Is Bond ETF Investing in Vogue Now?
It has been noticed that the U.S. 10-year treasury yield is trading below that of the three-months U.S. treasury yield (as of May 29, 2019) (read: Recession Fear Lurking: ETFs & Stocks to Play).
This apparent inversion of the yield curve can be pointing toward an impending recession for the U.S. economy. Also, some economists expect U.S. economic growth to decelerate to below 2% on an annual basis in the second quarter, after hitting a better-than-expected 3.2% in the first.
Moreover, minutes from Fed’s meeting in March reflect a dovish stance with less chances of a rate hike this year.
These factors have been compelling investors to shift to safer bets like Government Bond ETFs.
ETFs to Beat the Heat
Against this backdrop, we discuss some bond ETFs which can help investors to cash in on the trade war tumult.
Municipal Bond ETFs
Municipal funds have seen a good start to 2019. Actively-managed muni ETFs were more in demand than passively managed funds. The tax reform (or cuts) had put muni bonds under pressure in the initial days of Trump administration. But the evaporation of the State and Local Tax impelled investors to decide on muni ETFs (see all Municipal Bond ETFs here).
iShares National Muni Bond ETF (MUB - Free Report)
MUB tracks the S&P National AMT-Free Municipal Bond Index before fees and expenses. The index measures the performance of investment-grade U.S. municipal bonds. The income received in the form of interest from these bonds is exempt from federal taxes and alternate minimum taxes. The fund has AUM of $12.82 billion and charges 7 bps in fees. It has 3788 holdings in its basket (read: Tap Muni Market With an ETF-Of-ETFs Approach).
iShares Short-Term National Muni Bond ETF (SUB - Free Report)
SUB tracks the S&P Short Term National AMT-Free Municipal Bond Index, before fees and expenses.
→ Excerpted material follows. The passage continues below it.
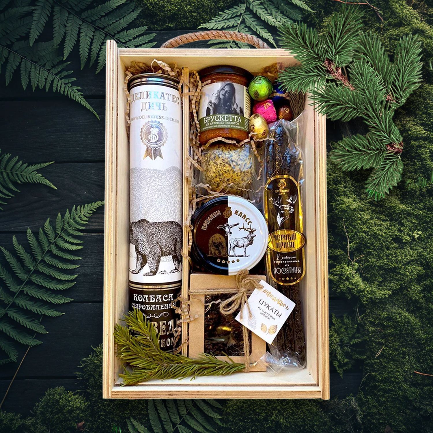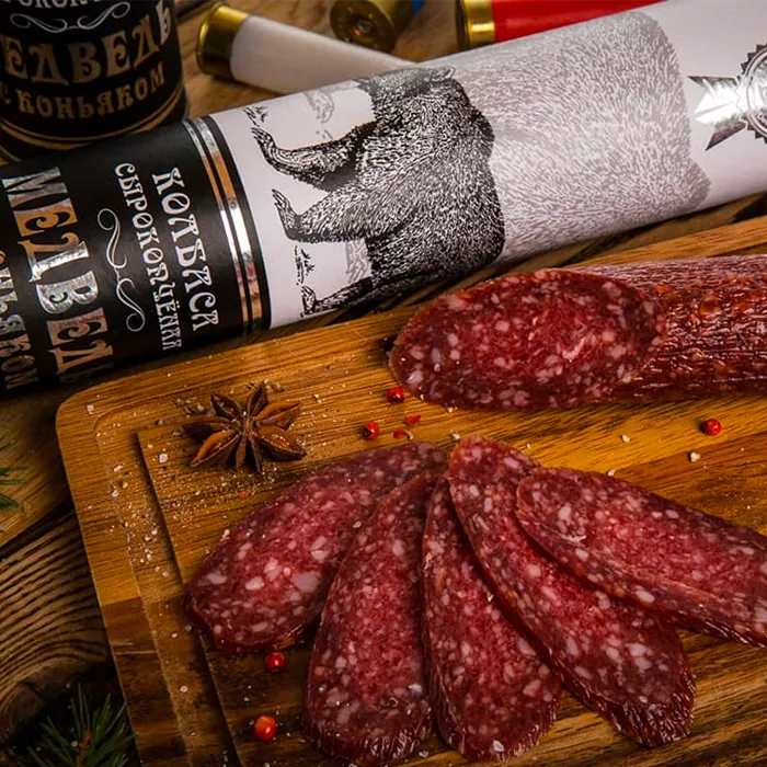 Колбаса из мяса Медведя с коньяком в подарочной упаковке (тубус)

The index measures the performance of investment grade U.S. municipal bonds of shorter maturities. The fund has AUM of $2.28 billion and charges 7 bps in fees. It has 1045 holdings in its basket.
VanEck Vectors AMT-Free Intermediate Municipal Index ETF (ITM - Free Report)
ITM tracks the Bloomberg Barclays AMT-Free Intermediate Continuous Municipal Index before fees and expenses. The index measures the performance of medium-duration bonds. The fund has AUM of $1.74 billion and charges 24 bps in fees. It has 2836 holdings in its basket (read: Muni Bonds Off to Best Start Since 2006: 5 Hot ETFs to Buy).
Government Bond ETFs
Long-term Treasury bond ETFs have been on the rise of late and are expected to maintain it, at least in the near term. Below, we have profiled some ETFs which are poised to gain from trade tensions (see: all Government Bond ETFs here).
Vanguard Long-Term Treasury ETF (VGLT - Free Report)
VGLT tracks the Bloomberg Barclays U.S. Long Treasury Bond Index. The fund seeks a high and sustainable level of current income through investment in government bonds. The fund has AUM of $964.7 million and charges 7 bps in fees. It has 50 holdings in its basket (read: Intensifying Trade Woes Trigger Rally in Treasury ETFs).
iShares 20+ Year Treasury Bond ETF (TLT - Free Report)
TLT tracks the ICE U.S. Treasury 20+ Year Bond Index. The index measures the performance of investment grade debt securities which are issued by the U.S. government with a residual maturity of more than 20 years. The fund has AUM of $13.56 billion and charges 15 bps in fees. It has 35 holdings in its basket (read: How China Could Retaliate Huawei Ban & Its Impact on ETFs).
Vanguard Extended Duration Treasury ETF (EDV - Free Report)
EDV track the performance of the Bloomberg Barclays U.S. Treasury STRIPS 20–30 Year Equal Par Bond Index. The fund provides diversified exposure to the long-term Treasury STRIPS market. It has AUM of $1.04 billion and charges 7 bps in fees. It has 81 holdings in its basket (read: Why Should You Buy Treasury ETFs Now?).